Another casualty of the war against the Taliban are the refugees. About three million civilians fled the fighting in the tribal territories in the last year, and a third have not yet returned to their homes. There are new refugees created weekly, as the army chases the Taliban into new areas. The civilians are warned to flee, and usually do, as the Taliban are known to use civilians as human shields, or kill those they believe are working for the government.

April 18, 2010:  Near the Indian border, Pakistan held major military exercises, involving over a thousand armored vehicles and dozens of jet fighters. Pakistan has also been complaining of unprovoked gunfire from India, at Pakistani troops. No casualties, and there's some doubt this is actually happening. For decades, it was the Pakistani troops who frequently fired machine-guns and mortar shells across the border, surprising, and often killing, their Indian counterparts. This was sometimes done to assist Islamic terrorists trying to sneak into India. Often, it was just done to show the Pakistani people that their army wasn't going to take any abuse from India. While Indian military commanders concern themselves with a wide variety of possible threats, Pakistani commander see India as the biggest danger to them. India doesn't agree, but Pakistani military commanders need this tension (real or imagined) to justify their large budget.

April 16, 2010: The UN released an investigative report on the assassination of former Pakistani prime minister Benazir Bhutto three years ago (as she ran again for prime minister). UN investigators concluded that the problem was poor security, for Bhutto, by the police. In the aftermath, there was interference (to conceal their involvement) by the national security agency (the ISI). The army and ISI wanted Bhutto dead because she was amenable to making peace with India, and wanted to crack down on the Taliban and al Qaeda. The ISI and army see India as a major threat, and Islamic radical groups as a useful (if unstable) weapon against India. Without this threat, the army and ISI can't get as much money from the government.

In Baluchistan, Pakistan, a suicide bomber attacked a hospital and killed ten people. This was apparently the result of a fight between Shia and Sunni radicals in the area.

April 15, 2010:  The U.S. has imposed sanctions on the leaders of two Pakistani charitable trusts (Al Akhtar Trust and Al Rashid Trust), which are accused of raising money for Islamic terrorist groups. Actually, the two trusts have been in business since before September 11, 2001, openly raising money for families of Islamic terrorists who died for the cause. But much of the money also financed actual terror attacks. Pakistan has refused to shut down this fundraising, so the U.S. goes after the key people in any way it can.

April 14, 2010: Another American missile attack (via a UAV) in North Waziristan, killed four Islamic terrorists. In the last two years, such attacks have killed nearly 900 people in Pakistan, especially in the Taliban and al Qaeda base areas of Waziristan. Over 80 percent of those killed have been terrorists, most of them senior or mid-level leaders.

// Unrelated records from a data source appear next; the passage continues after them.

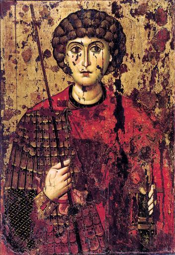 Keywords: Київська ікона, XI ст. Успенський собор Московського Кремля. ...Близькими за часом створення, пластично-лінійним вирішенням і монументально-епічним характером до "Богоматері Великої Панагії" є ікони великих розмірів - "Георгій-воїн", "Димитрій Солунський", "Благовіщення". Ікона "Георгій-воїн", ймовірно, створена як храмова для георгіївського собору - патронального храму Ярослава Мудрого. Храм освятив митрополит Іларіон у 1051 р. Створення ікони св. Георгія варто віднести до середини XI ст., де епічність, монументальність, масивність постаті мають відповідність в образному ладі Софії Київської. ... В образі воїна простежуються глибокі патріотичні ідеї Іларіона, що знайшли втілення у його "Слові про закон і благодать". Тому Георгій в іконі поданий не мучеником, а ідеальним воїном, сповненим оптимізму і мужності. Його образ став наче емблемою князювання Ярослава. Д.П. Крвавич, В.А. Овсійчук, С.О. Черепанова - Українське мистецтво, т.2, Львів, "Світ", 2004. - с. 156, іл. 204.
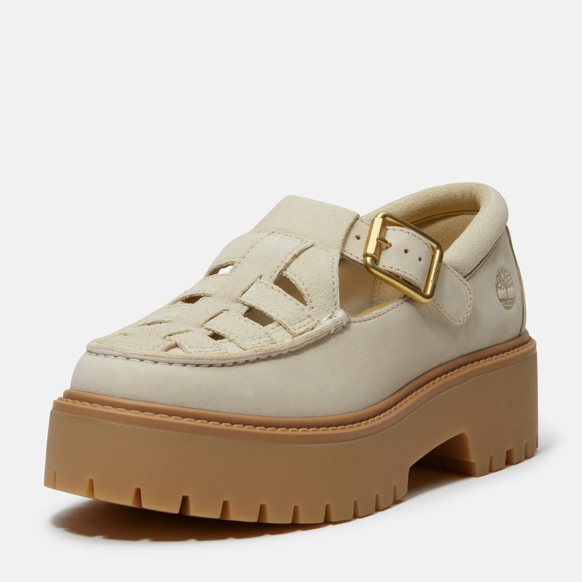女款 Stone Street 厚底瑪莉珍鞋是一款現代化的經典鞋款,靈活的風格讓你全天舒適。採用 Timberland® 優質皮革鞋面和包含 50% 再生 PET 塑膠製成的 ReBOTL™ 織物內裡。55% 橡膠外底採用來自永續農業農場的橡膠製成。OrthoLite® 鞋墊則提供緩衝舒適。
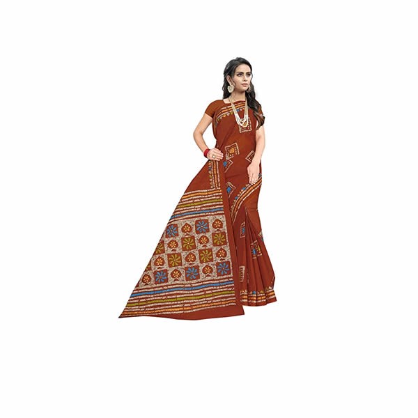 The elaborate work of tassel with kalamkari work gives a very elegant look to this saree. It jazzes up the appearance of all the special events and parties.

April 12, 2010: In eastern India, security forces have halted their search for Maoist camps and fighters. This is in response to the recent Maoist attack that killed 75 policemen. Leftist politicians are calling for a halt to the offensive, and renewed peace talks with the Maoists. But that has failed for over a decade, and the government will keep the offensive going. However, the police and army commanders are reconsidering their approach. The Maoists obviously know the terrain better, having operated in these remote areas for years (sometimes decades), and are able to mass gunmen for overwhelming attacks. Clearing how the Maoists is going to be harder than expected. It usually is.